A little to the left

I am definitely feeling rather off right now.

At least I headed off the worst of it. About an hour ago, I started feeling increasingly bed. Headache, nausea, muscles aching.

It was bad enough that thought of the ER or UC danced before my eyes.

They did the foxtrot, of course.

But I took the appropriate measures. I got some hydration and some nutrition into me, then I lay down in bed with the fan on and pointed at my fevered brow, and proceeded to unclog my ears and nose.

That did the trick and I was soon feeling a lot better.

Pretty sure my blood sugar was starting to melt down there but getting some trail mix into me put a stop to that.

Speaking of trail mix, there’s something very weird about my latest bag of it.

It’s President’s Choice’s Almonds, Raisins, Cashews, and Cranberries trail mix. [1] It had been on my DoorDash account as an alternate to my usual trail mix(es) for ages and this week it was, as it were, pressed into active duty.

It sounds like a perfectly straightforward mixture, and for once, I can be completely sure that a previously untried trail mix does not contain any fricking candy.

But when I opened the bag, an odor escaped that did not make me hungry, It was not the smell of almonds, raisins, cashews, or cranberries.

It was the smell of dry dog food.

And I have a personal animosity toward that smell because I grew up four blocks from the Sur-Grain (pronounced “sure grain”) Feed and Fertilizer plant and on very bad days the wind would blow that exact scent into my neighborhood.

And I haaaaaate that smell. It’s like it goes straight to my gag reflex. Just thinking about it makes my throat threaten to close off.

So I was not at all happy that this odor was coming out of a bag of what was meant to be Fruvous Chow.

Luckily, that scent dissipated after a while, and I was able to eat the fucking thing.

And that’s when things got really weird. Because, I shitteth thou not, sometimes when I eat a handful of it, it tastes like fish.

To me, at least. Smells like it too. And like, WTF is up with that?

It seems to be something that all four constituents of the trail mix are coated in to some extent. When I eat them separately, the flavour either is not there or is pretty faint.

But put them all together and somehow, inexplicably, things get fishy.

I assume that it would not taste piscine to anyone else. My taste buds are just as off kilter as the rest of me and sometimes I taste things in a way nobody else does.

Luckily, putting some in a bowl and leaving it exposed to the air for a while cuts through the fishy flavour, so I am able to eat the stuff.

But still, what the exponential fuck? In general, nothing that is not fish should taste like fish, and that makes me what the frick I’ve been eating.

And my bladder has been anxious lately. I get the need to pee more often than usual but each time it’s a much smaller amount than usual. As if my bladder shrank.

And that has me very worried because I have experienced this symptom twice before and both times it was a sign that my prostate was infected.

So you can bet I am checking my urine for traces of blood each time I pee.

And peeing hurts a little right in that area around the spot where the bladder empties into the urethra. And that’s also a sign.

I hope it clears up on its own.

I don’t wanna go to the ER or UC!

More after the break.


On our backs

My back has been bothering me again recently.

It had be behaving itself for a long time. I hadn’t felt the need to take one of my Cyclobenzaprine muscle relaxant pills in months.
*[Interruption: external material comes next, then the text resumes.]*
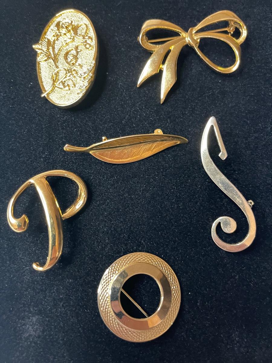 6 vintage brooches all in a gold tone! A good variety for all occasions.
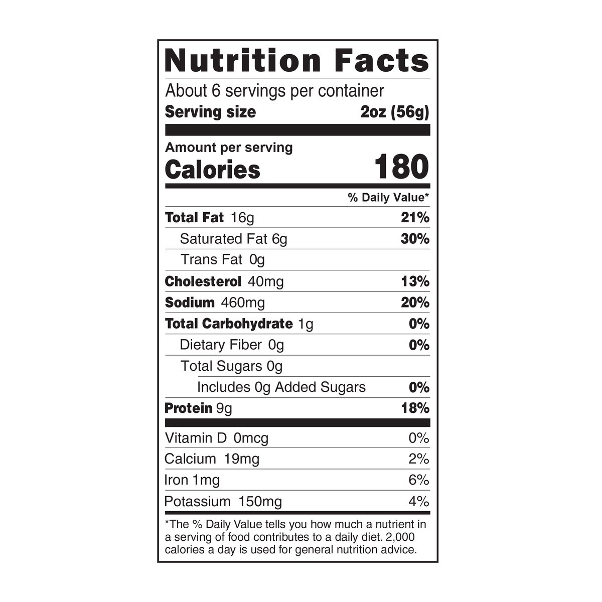 Pork, Water, Salt, Chili Powder, Vinegar, Spices, Sodium Nitrite, Garlic.

But now that spasmodic pain that clutches at my spine and makes me cry out in pain and/or fall onto the bed when I try to stand is back, and that kinda sucks.

The pills do keep it under control, thank God. But I wish I knew what changed both to make it go away and to make it come back.

I want it gone again, hopefully for good.

Otherwise I am feeling okay-ish. Pretty much the same as when I wrote part 1 : not sick in any particular way (except back spasms, grr) but not feeling quite right either.

I’m doing okay emotionally. I have periods where I feel pretty depressed – I am processing a lot of deep changes as I dig myself out of this grave – but I just wait for them to pass and don’t take them too seriously.

It’s all part of my recuperation. Getting better is often a messy and difficult process but I know that as long as I keep trudging along as I unburden myself, I will eventually make my soul light enough to float up into the sky where shiny people like me belong.

Because I deserve so much more than this sad little life of mine. I should at the very minimum be making a comfortable middle class living with my outrageous talents.

Or at least enough to pay someone to come in and clean my bedroom and ensuite. Top to bottom, spic and span, so clean you could perform surgery there.

I’d pay someone $200 for that.

I can’t really do it myself. Not yet. I need to go a lot further down the road of taking responsibility for myself and accessing my true energies before that.

I mean, ya never know. I might suddenly find the ambition to at least clean off my bed so that I can flip the mattress over so the springs don’t impale me so much any more.

And the other side should be a lot cleaner too. Way less sweat absorbed into it.

i wonder if the province would buy me a new (to me) bed if I asked?

After all, I’m not fussy about the color…

I will talk to you nice people again tomorrow.



Footnotes    (↵ returns to text)
  1. But what’s in it? I hear you ask. Nobody knows., It’s a mystery.